Verna drehte sich um und fragte sich, was sie hier wohl sollte. Prälatin Annalina hatte ihr eine Nachricht hinterlassen, damit sie diesen Ort aufsuchte, aber warum? Was sollte sie hier machen?

Sie ließ sich in den Sessel fallen, während ihre Augen die facettenartigen Wände absuchten, die dem Vor und Zurück der Giebelenden folgten. Vielleicht hatte sie nur hierherkommen sollen, um sich zu entspannen. Annalina wußte, wie anstrengend die Arbeit der Prälatin war. Vielleicht wollte sie einfach, daß ihre Nachfolgerin einen Ort kannte, wo sie alleine sein und vor den Menschen fliehen konnte, die ihr unablässig Berichte brachten. Verna trommelte mit den Fingern auf die Sessellehne. Wohl kaum.

Ihr war nicht nach Herumsitzen zumute. Es gab Wichtigeres zu tun. Berichte warteten, und die würden sich kaum von selbst lesen.

Die Hände hinter dem Rücken verschränkt, ging Verna in dem winzigen Raum auf und ab, so gut es ging. Das war sicher Zeitverschwendung. Schließlich stieß sie einen verzweifelten Seufzer aus, hatte die Hand schon fast an der Tür, hielt dann aber inne, bevor sie den Ring auf das Sonnenaufgangssymbol legte.

Verna machte kehrt, starrte einen Augenblick, dann raffte sie ihre Röcke zusammen und kniete auf dem Bänkchen nieder. Vielleicht wollte Annalina, daß sie um Unterweisung bat. Von einer Prälatin wurde Frömmigkeit erwartet, wenn auch die Vorstellung absurd war, daß man einen besonderen Ort benötigte, um zum Schöpfer zu beten. Der Schöpfer hatte alles erschaffen, warum sollte man dann einen besonderen Ort benötigen, wenn man Unterweisung suchte? Kein Ort kam dem eigenen Herzen auch nur nahe. Kein Ort ließ sich damit vergleichen, wenn man mit seinem Han eins wurde.

Mit einem gereizten Seufzer faltete Verna die Hände. Sie wartete, war aber nicht in der Stimmung, an einem Ort zum Schöpfer zu beten, an dem sie sich dazu verpflichtet fühlte. Die Vorstellung, daß Annalina tot war und sie noch immer beeinflußte, ärgerte sie. Vernas Augen wanderten zu den kahlen Wänden, während sie mit den Zehen auf den Boden tippte. Die Frau streckte ihre Hand aus dem Jenseits aus und erfreute sich eines letzten bißchens Macht. Hatte sie davon in all den Jahren als Prälatin nicht genug gehabt? Man mochte meinen, es hätte reichen sollen, aber nein, sie mußte alles so planen, daß sie selbst nach ihrem Tod noch…

Vernas Blick fiel auf die Schale. Unten drin lag etwas, und Asche war es nicht.

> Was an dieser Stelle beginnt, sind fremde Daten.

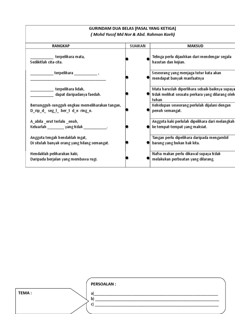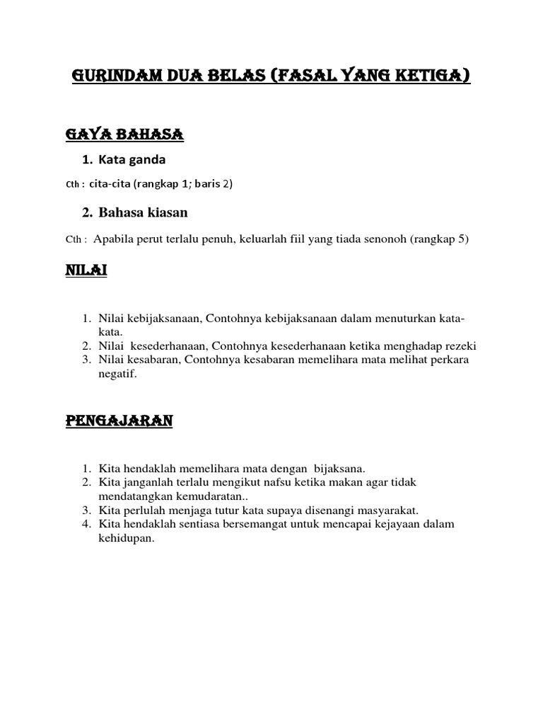 Maksud gurindam tema persoalan bentuk gaya bahasa nilai pengajaran soalan peperiksaan skema jawapan contoh soalan jawapan. Gurindam dua belas fasa yang ketiga. Jelaskan dua nilai yang anda peroleh dalam gurindam tersebut. Penglihatan yang dijaga akan mengurangkan keinginan terhadap perkara perkara yang negatif.

Sie griff hinein und holte ein kleines, in Papier gewickeltes Päckchen heraus, daß mit einem Stück Bindfaden zusammengeschnürt war. Sie drehte es in ihren Fingern, begutachtete es. Das mußte es sein. Das war der Grund, weshalb sie hierhergeschickt worden war. Aber warum es hier liegenlassen? Der Schild — niemand außer der Prälatin käme hier herein. Dies war der einzige Ort, wo man etwas verstecken konnte, wenn man nicht wollte, daß es einem anderen als der Prälatin in die Hände fiel.

Verna zog an den Enden der Schleife, zog die Schnur durch die Schlaufe. Sie legte es in ihre Hand, faltete das Papier auseinander und starrte auf das, was sich darin befand.

Es war ein Reisebuch.

Schließlich kam wieder Bewegung in ihrer Finger, und sie nahm das Buch aus dem Papier, um darin zu blättern. Es war leer.

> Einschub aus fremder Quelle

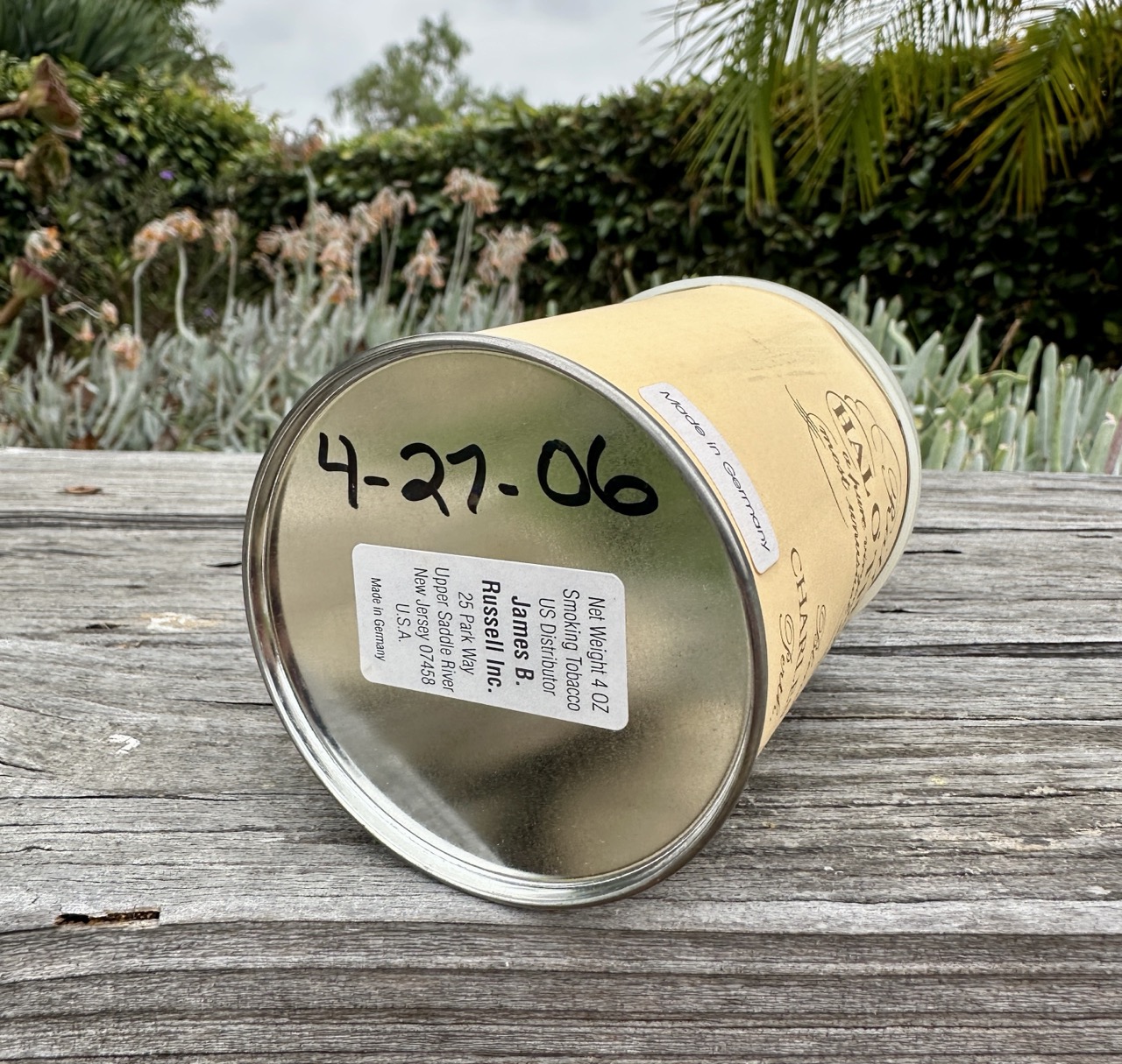 Immaculate 4oz tin from early German production by Kopp. The tin is hand dated to 2006 (when acquired) but the importer was James B. Russell at the 25 Park Way address. Date ranges from mid 1990s to very early 2000s. This is a fantastic Virginia Perique blend, at a prime age for enjoying.

Reisebücher waren Gegenstände der Magie, wie der Dacra, der von denselben Zauberern erschaffen worden war, die auch den Palast der Propheten sowohl mit Additiver als auch Subtraktiver Magie ausgestattet hatten. Seitdem war dreitausend Jahre lang außer Richard niemand mehr geboren worden, der Subtraktive Magie besaß. Einige hatten sie durch ihre Berufung erlernt, aber niemand außer Richard war damit geboren worden.

Reisebücher hatten die Fähigkeit, Nachrichten zu übermitteln. Was man in das eine schrieb, mit dem in seinem Rücken aufbewahrten Stift, erschien durch Magie in seinem Gegenstück. So weit sich dies feststellen ließ, tauchte die Nachricht sogar gleichzeitig in seinem Gegenstück auf. Da man den Stift auch dazu benutzen konnte, alte Nachrichten auszuradieren, waren die Bücher niemals vollgeschrieben und konnten immer wieder verwendet werden.

Sie wurden von Schwestern mitgeführt, die auf Reisen gingen, um junge Burschen mit der Gabe aufzuspüren. Meist mußten die Schwestern dafür durch die Barriere reisen, durch das Tal der Verlorenen, um in die Neue Welt zu gelangen, den Jungen zu finden und ihm einen Rada’Han um den Hals zu legen, damit ihm die Gabe keinen Schaden zufügen konnte, während er lernte, die Magie zu beherrschen. Hatten sie die Barriere einmal hinter sich gelassen, gab es kein Zurück mehr, um sich Anweisungen oder Ratschläge zu holen. Eine einzige Reise hin und wieder zurück — mehr war keiner Schwester möglich. Bis jetzt — Richard hatte die Türme und ihre Unwetter aus Bannen zerstört.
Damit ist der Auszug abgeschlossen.